- Wonders of Life titlecard
- Genre: Documentary series
- Presented by: Brian Cox
- Country of origin: United Kingdom
- Original language: English
- No. of series: 1
- No. of episodes: 5

Production
- Executive producer: Andrew Cohen
- Running time: 60 minutes

Original release
- Network: BBC Two BBC HD
- Release: 27 January – 24 February 2013

Related
- Wonders of the Universe (2011); Human Universe (2014);

= Wonders of Life (TV series) =

2013 British television series

Wonders of Life is a 2013 television documentary series presented by physicist Brian Cox. The series was produced by the BBC and Chinese state television network CCTV-9 and aired in the United Kingdom from 27 January 2013 at 9:00 pm on BBC Two. An accompanying book with the same title was also published.

==Episodes==

===1. "What is Life?"===
Brian Cox journeys to Southeast Asia to see how life began on Earth and how the flow of energy created and supports life.

===2. "Expanding Universe"===
In the second episode, Brian travels to the U.S. to showcase how the laws of science allowed senses to arise.

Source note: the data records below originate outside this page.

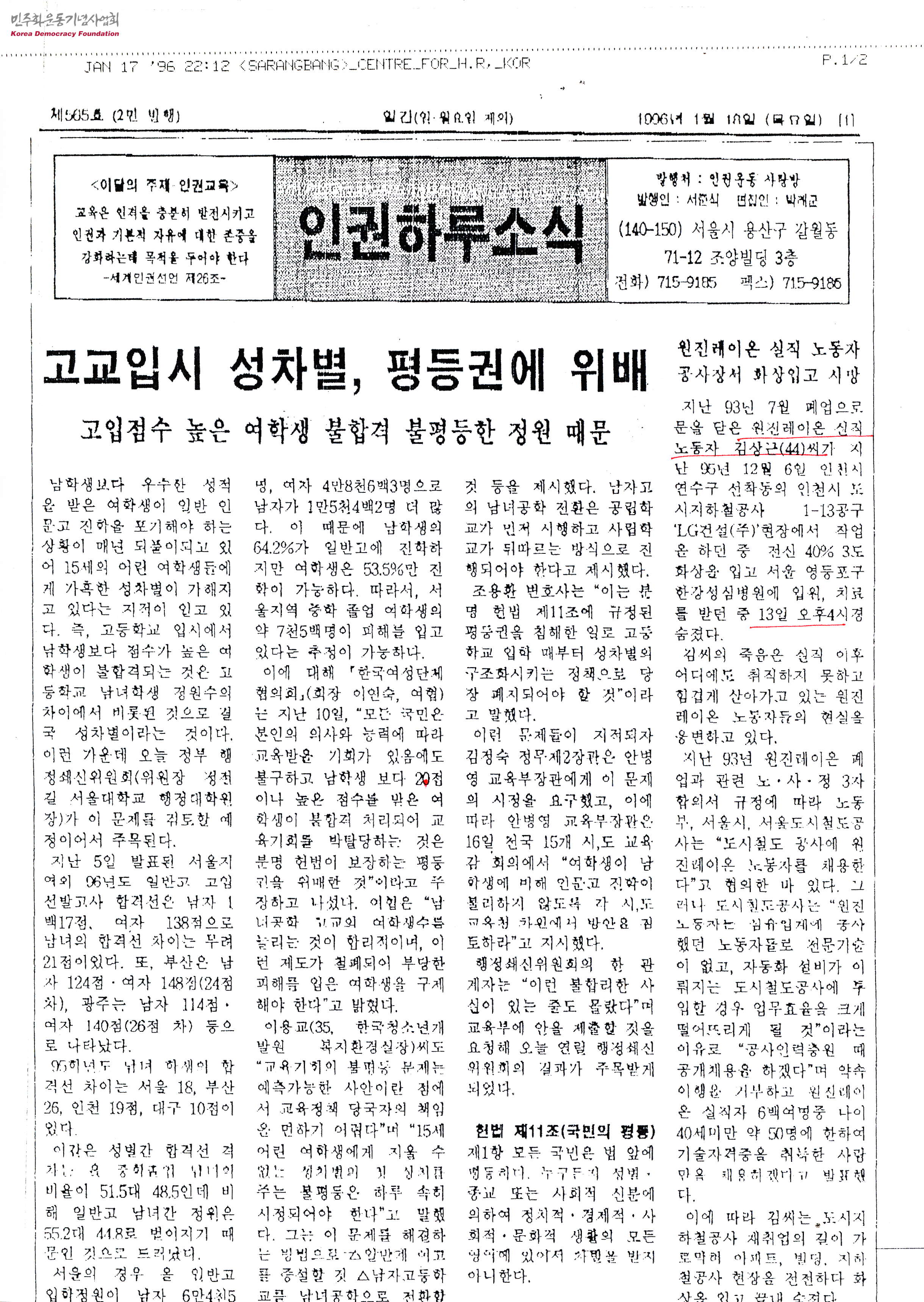 인권하루소식 1996년 1월 제565호
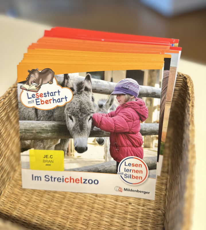 Gerade zum Lesestart eignen sich kurze, kindgerechte Texte mit Silbentrenner besonders gut. Die Kinder lieben die kleinen Erstlesehefte mit Eberhart, dem sympathischen Tapir. Es gibt die Hefte neu in unserer Bibliothek! Sie sind nach verschiedenen Lesestufen aufgebaut, denn der passende Schwierigkeitsgrad motiviert die Kinder und fördert den Spaß am Lesen von Anfang an. Dieser steigert sich von Lesestufe zu Lesestufe von kurzen einfachen Sätzen zu zusammenhängenden Geschichten.
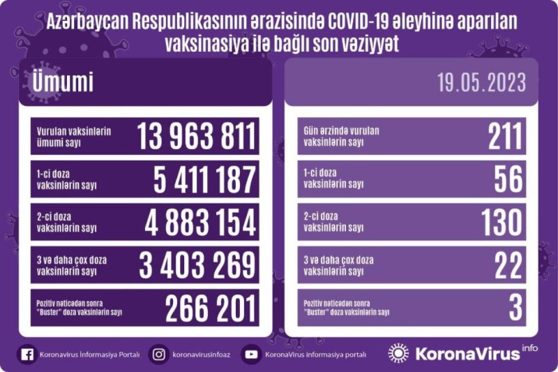 Azərbaycanda son sutkada koronavirus (COVID-19) əleyhinə 211 vaksin vurulub. Bir gündə birinci mərhələ üzrə vaksinasiya olunanların sayı 56, ikinci mərhələ üzrə vaksinasiya olunanların sayı 130, üç və daha çox doza üzrə vaksinasiya olunanların sayı 22, pozitiv nəticədən sonra buster doza üzrə vaksinasiya olunanların sayı 3 nəfərdir.

===3. "Endless Forms Most Beautiful"===
Brian travels to Africa and Madagascar to analyse why Earth is a fertile place and how it allows complex life to exist.

===4. "Size Matters"===
The fourth episode sees Brian in Australia, looking at how the size of each plant and animal affects how long it can survive.

===5. "Home"===
In the final episode, Cox travels to Mexico to explain what makes Earth a home for life and ask what ingredients were required for complex life to begin.

==Merchandise==
The Region 2 DVD discs were released on 4 March 2013.

A book related to the series was authored by Andrew Cohen and Brian Cox. The book was published on 24 January 2013.